El estudioso de la Biblia, del siglo 19, G. S. Curva, apuntó
la futilidad de la
ambición que no es acompañada de la
dedicación para Dios. Citando cuatro poderosos regentes
mundiales del pasado, él escribió: "Alexandre, el Grande no
se quedó satisfecho hasta sojuzgar completamente las
naciones. Él lamentó no existir nada más para conquistar, y
murió precocemente en un estado de devassidão. Aníbal, que
llenó tres galones de 40 litros con los anillos de oro
sacados de los caballeros que él sacrificó, cometió suicidio
tomando veneno. Pocos notaron su pasaje en este mundo y
nadie lamentó su muerte. Júlio César manchó sus vestís con
la sangre de millones de enemigos. Conquistó 800 ciudades
apenas para ser apuñalado por sus mejores amigos en el
escenario de su mayor triunfo. Napoleão, el temido
conquistador, despues abrumar todo el Europa, pasó sus
últimos años en el exilio."
¿Cuál ha sido el propósito de nuestros sueños? ¿Que
pretendemos hacer de nuestras
conquistas?
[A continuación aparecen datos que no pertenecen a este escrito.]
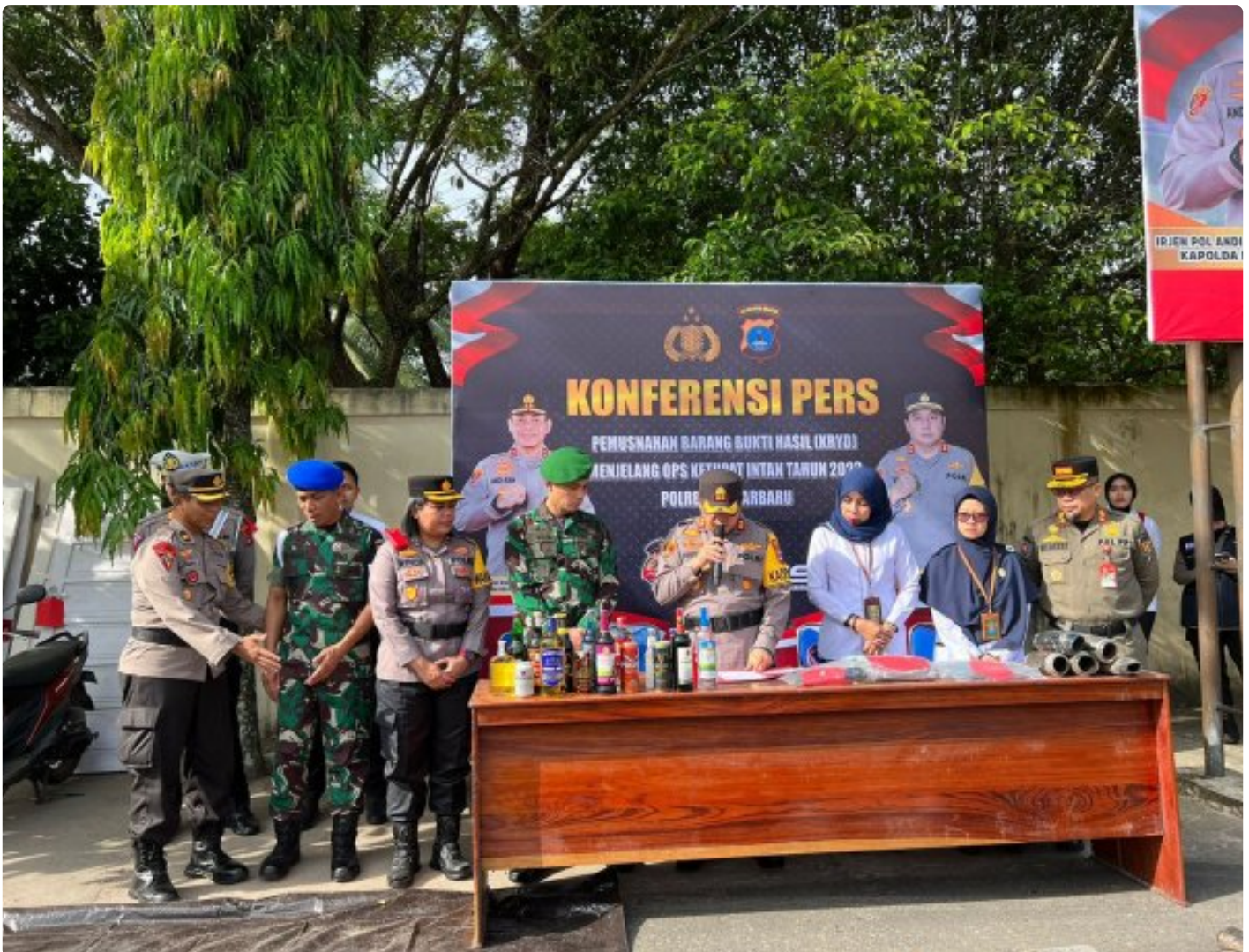
Kapolres Banjarbaru Bersama Dandim Banjar Musnahkan Ribuan Miras dan Ratusan Knalpot Brong di Kota

BANJARBARU - Ribuan minuman keras (miras) dan ratusan knalpot brong dari

Todo cuanto
almejamos tiene la finalidad de demostrar nuestra capacidad
y fortalecer nuestro ideal de poder ¿o visa exclusivamente
una vida de alegría delante del Dios a quien pretendemos
glorificar y engrandecer?
Cuando nuestra determinación en la busca de las victorias
excluye el alabanza a Dios y el deseo de ser una bendición
en Sus manos, se vuelve baladí y insignificante, pues
producirá orgullo y vanidad y levantará un muro de
separación entre nosotros y el Señor.
Las conquistas verdaderamente gloriosas son aquéllas que
objetivan el bien de todos. Si todos son contemplados, más
felices seremos. Si todos son benditos, nuestra alma si
llenará de paz y nuestro corazón de regocijo. Si nuestro
sonrisa de victoria contagiar a todos, el mundo en el que
vivimos será mucho más alumbrado.
¿Qué usted ha hecho de sus conquistas?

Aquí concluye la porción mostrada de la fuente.